Graphics wise, it relies on Intel’s Iris Xe graphics. They’re a lot better than they used to be, but not exactly the pinnacle of gaming performance either. In Fortnite, I was averaging between 30-60 frames per second, when playing at 4K resolution with low quality settings. It was playable, but glitchy. Dropping to Full HD made the frame rate much smoother.
In general, it will be fine for casual gaming and just about playable with demanding 3D action titles, but if you’re looking for a dedicated gaming rig, look elsewhere. Geekom’s AMD-based AS 6 Mini PC, which I reviewed earlier this year, offers better graphics performance if you’re determined to play games on a small form-factor PC.
Size Matters
Packing this much power into a device as small and unobtrusive as the Mini IT 13 is impressive. It has a smaller footprint than the Mac mini, measuring 117 x 112 x49.2mm. It’s small enough to sit on my monitor stand, taking up no extra desk space at all. Geekom provides a plate to mount it to the back of compatible monitors, meaning you could keep it completely out of eyeshot.

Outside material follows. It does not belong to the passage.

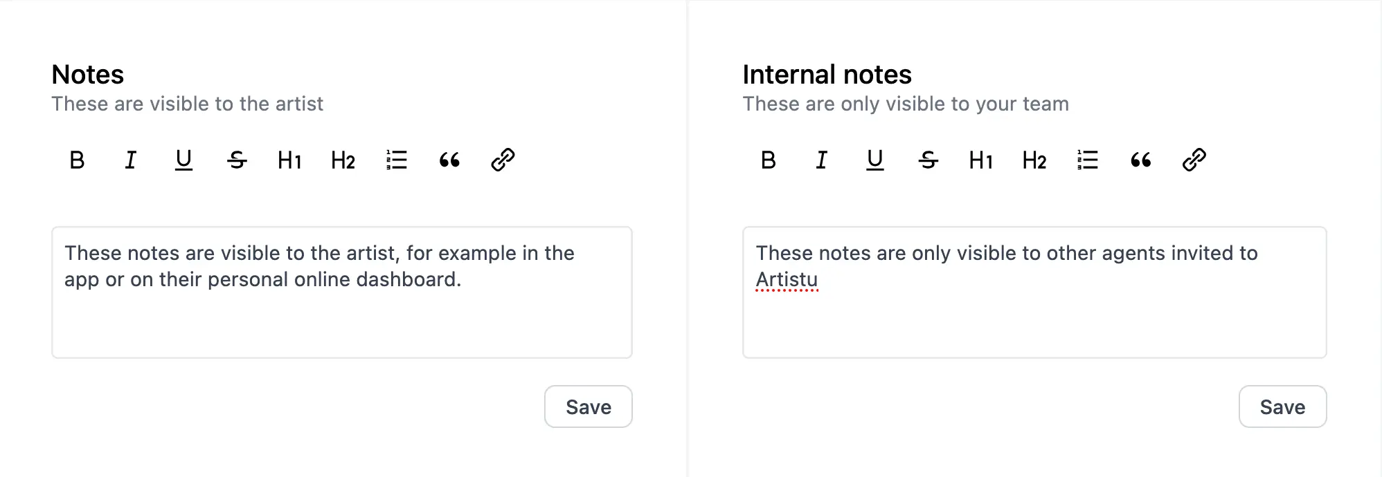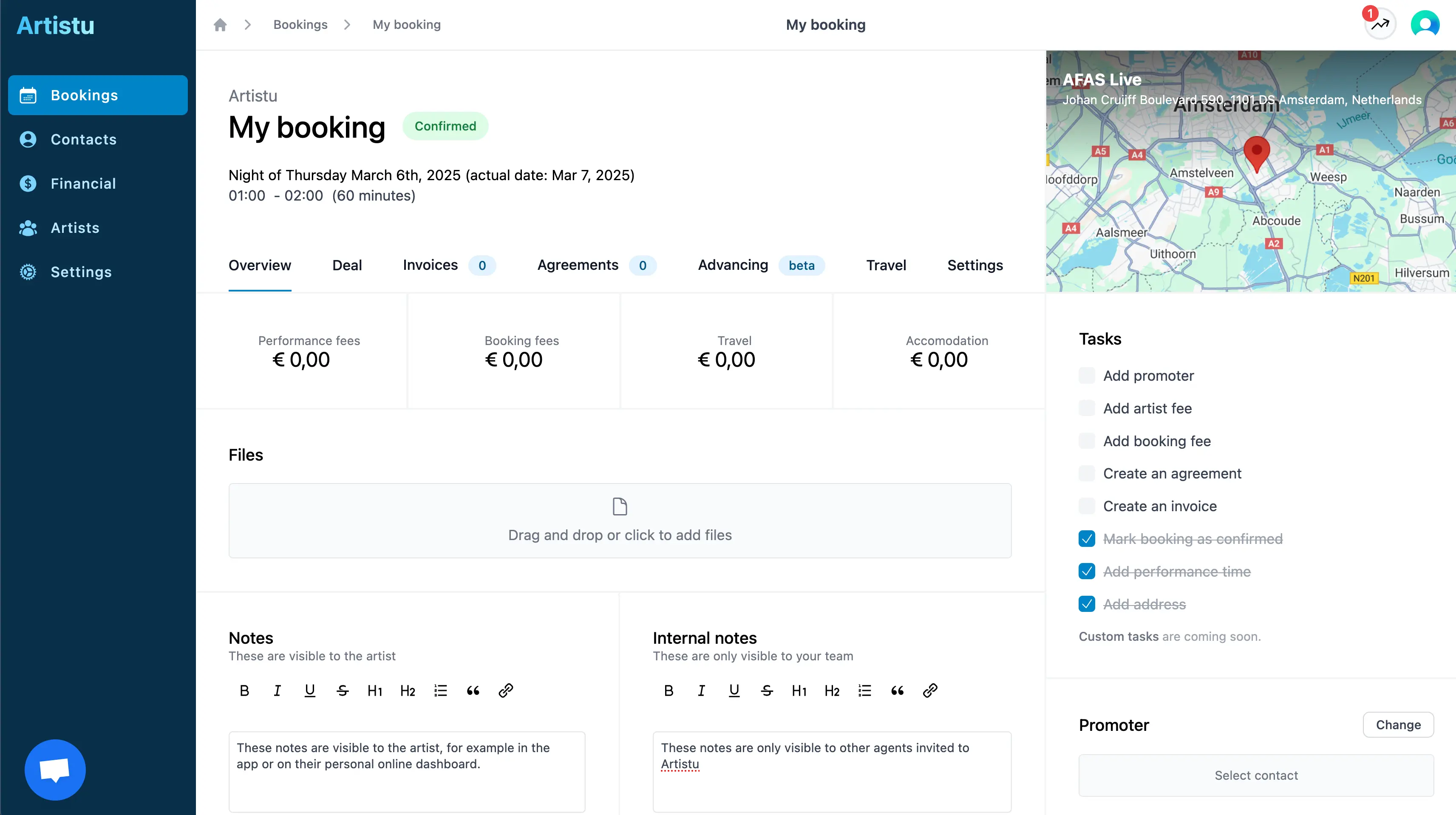 Artistu also allows you to add internal notes to the booking. These notes are only visible to you and your team.

There’s no shortage of connectivity here, either. There are 3 x USB 3.2 Gen 2 ports, 2 x USB 4 ports and another USB 2 port. For connecting displays, there are 2 x HDMI 2.0 ports. In theory you can connect up to four displays using a combination of the USB 4 and HDMI sockets, but that would be a big stretch for the Iris Xe graphics.
What’s more, there’s an SD card reader, a headphone jack, and a 2.5Gbit Ethernet socket. If you’re not close enough to the router for a wired internet connection, there’s a Wi-Fi 6E chip inside the box, meaning you can take advantage of the superfast 6GHz Wi-Fi band if you have a bang-up-to-date router.
Given all the components that are packed inside this thing, you might imagine the fans would be working overtime, but they’re not. There is frequent fan noise—something you’d seldom hear from a recent Mac mini—but it never reaches a level where it becomes an irritant.
How Is It So Cheap?
Given all the high-end components in the Mini IT 13, not to mention a copy of Windows 11 Pro pre-loaded on the device, it’s a head scratcher how Geekom are making money on this machine.
And let’s be clear—there is an element of risk when buying equipment from a little-known brand such as Geekom compared to the mutlinational giants such as Apple, Dell and Lenovo. It has no long track record to speak of, the company is based out of Shenzen in China, and getting support if something goes wrong might be trickier than it is from the big players. Support is offered via email or WhatsApp, and it’s only available weekdays between 9am and 7pm CST.
If you’re willing to take that chance, however, you might well land the PC bargain of the year.